§ **Exercise goal**: Report how many lines in the records below contain the word "from". Give only the number.
[[ Extracted records, beginning ]]
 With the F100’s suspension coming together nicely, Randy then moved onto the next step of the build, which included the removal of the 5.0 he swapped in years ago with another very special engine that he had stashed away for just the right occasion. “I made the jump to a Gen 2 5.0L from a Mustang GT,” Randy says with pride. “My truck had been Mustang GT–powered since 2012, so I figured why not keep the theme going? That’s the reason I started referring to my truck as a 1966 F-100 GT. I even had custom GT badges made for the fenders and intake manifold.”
[[ Extracted records, end ]]
[[ Extracted records, beginning ]]
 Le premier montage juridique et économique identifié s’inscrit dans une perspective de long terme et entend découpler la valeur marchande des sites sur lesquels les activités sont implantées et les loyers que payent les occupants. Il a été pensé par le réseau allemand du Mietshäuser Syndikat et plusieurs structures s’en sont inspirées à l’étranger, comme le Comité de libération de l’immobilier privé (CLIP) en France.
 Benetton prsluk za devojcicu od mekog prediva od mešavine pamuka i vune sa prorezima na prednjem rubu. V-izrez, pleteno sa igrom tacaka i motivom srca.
[[ Extracted records, end ]]
[[ Extracted records, beginning ]]
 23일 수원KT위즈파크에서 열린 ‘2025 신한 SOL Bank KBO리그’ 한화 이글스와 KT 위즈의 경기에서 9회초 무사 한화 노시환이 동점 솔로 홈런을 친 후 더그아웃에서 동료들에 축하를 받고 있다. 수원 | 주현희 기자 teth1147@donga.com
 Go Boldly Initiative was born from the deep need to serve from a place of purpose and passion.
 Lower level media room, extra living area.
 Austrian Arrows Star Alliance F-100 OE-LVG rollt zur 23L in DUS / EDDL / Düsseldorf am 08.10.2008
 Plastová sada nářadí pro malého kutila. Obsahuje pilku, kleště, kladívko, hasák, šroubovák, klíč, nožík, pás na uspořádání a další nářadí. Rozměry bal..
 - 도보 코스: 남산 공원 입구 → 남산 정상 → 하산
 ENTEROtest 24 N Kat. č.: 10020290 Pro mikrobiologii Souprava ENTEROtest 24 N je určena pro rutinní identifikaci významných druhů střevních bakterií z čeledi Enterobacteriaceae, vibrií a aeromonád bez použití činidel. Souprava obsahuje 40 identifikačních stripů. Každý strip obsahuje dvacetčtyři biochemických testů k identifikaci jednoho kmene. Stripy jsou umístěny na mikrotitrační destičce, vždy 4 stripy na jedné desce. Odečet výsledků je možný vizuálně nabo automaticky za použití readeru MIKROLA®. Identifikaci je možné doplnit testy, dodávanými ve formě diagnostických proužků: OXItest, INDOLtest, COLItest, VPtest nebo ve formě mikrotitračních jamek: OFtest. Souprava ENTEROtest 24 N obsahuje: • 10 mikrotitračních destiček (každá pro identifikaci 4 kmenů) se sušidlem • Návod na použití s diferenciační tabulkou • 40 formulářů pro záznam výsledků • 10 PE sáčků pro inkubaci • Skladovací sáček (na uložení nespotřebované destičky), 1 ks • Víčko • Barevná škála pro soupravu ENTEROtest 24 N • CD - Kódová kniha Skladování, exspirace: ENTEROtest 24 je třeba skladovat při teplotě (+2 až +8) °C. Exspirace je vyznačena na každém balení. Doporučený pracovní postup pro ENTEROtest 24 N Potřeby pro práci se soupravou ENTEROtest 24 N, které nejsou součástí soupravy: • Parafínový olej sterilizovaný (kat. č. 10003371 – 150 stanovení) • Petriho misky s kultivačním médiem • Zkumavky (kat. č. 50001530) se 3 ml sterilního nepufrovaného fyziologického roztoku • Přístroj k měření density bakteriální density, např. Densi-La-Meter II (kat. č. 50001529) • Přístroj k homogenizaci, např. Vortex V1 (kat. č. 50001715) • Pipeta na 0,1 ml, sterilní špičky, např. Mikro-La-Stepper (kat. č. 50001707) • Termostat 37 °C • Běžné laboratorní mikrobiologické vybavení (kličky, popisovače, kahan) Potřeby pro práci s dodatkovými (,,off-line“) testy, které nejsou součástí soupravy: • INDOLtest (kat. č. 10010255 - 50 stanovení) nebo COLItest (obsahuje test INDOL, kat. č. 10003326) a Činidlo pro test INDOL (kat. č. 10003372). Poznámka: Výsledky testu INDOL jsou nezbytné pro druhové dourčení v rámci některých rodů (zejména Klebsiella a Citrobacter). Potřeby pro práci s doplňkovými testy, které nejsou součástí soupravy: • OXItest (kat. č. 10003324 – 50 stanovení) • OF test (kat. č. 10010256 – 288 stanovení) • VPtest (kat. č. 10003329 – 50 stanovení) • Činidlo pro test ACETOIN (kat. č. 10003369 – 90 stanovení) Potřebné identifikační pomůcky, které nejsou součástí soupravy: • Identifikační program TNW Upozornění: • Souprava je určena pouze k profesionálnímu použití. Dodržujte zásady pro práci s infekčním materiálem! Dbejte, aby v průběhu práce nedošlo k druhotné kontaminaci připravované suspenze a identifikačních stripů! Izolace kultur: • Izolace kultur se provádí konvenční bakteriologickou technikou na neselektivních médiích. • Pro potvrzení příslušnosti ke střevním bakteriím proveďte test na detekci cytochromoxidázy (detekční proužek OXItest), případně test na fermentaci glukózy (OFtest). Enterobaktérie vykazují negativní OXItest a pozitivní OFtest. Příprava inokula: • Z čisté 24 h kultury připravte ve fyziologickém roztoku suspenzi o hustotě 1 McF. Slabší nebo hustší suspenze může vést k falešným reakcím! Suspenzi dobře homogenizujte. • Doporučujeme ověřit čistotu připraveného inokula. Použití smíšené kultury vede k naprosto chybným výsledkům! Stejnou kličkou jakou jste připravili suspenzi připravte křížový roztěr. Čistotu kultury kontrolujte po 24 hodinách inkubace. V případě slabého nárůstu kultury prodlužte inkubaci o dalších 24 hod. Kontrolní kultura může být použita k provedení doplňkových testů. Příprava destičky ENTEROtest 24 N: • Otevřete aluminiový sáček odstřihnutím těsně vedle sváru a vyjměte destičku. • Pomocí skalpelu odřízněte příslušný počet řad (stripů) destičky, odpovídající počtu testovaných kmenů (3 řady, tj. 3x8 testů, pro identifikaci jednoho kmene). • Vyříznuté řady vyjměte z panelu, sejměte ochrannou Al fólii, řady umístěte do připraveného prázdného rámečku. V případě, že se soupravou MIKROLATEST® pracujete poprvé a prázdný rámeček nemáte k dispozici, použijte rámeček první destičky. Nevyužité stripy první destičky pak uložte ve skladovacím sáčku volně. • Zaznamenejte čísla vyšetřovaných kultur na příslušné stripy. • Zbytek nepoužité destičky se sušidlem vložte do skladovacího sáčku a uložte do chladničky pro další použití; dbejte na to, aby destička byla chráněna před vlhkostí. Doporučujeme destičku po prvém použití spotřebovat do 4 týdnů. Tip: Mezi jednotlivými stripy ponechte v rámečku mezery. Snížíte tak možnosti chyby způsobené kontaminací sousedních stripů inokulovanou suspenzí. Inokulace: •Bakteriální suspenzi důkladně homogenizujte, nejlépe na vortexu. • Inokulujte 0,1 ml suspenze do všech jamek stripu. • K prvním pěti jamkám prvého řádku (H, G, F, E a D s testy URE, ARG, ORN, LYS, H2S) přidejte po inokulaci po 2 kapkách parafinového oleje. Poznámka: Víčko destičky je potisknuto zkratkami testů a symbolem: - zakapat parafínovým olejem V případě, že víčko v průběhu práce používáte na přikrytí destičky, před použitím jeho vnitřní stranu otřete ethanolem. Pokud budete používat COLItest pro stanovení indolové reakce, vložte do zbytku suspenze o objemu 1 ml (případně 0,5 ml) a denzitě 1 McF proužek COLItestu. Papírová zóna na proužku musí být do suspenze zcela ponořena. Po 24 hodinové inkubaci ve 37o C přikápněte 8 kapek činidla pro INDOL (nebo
[[ Extracted records, end ]]
§ **Result**: 2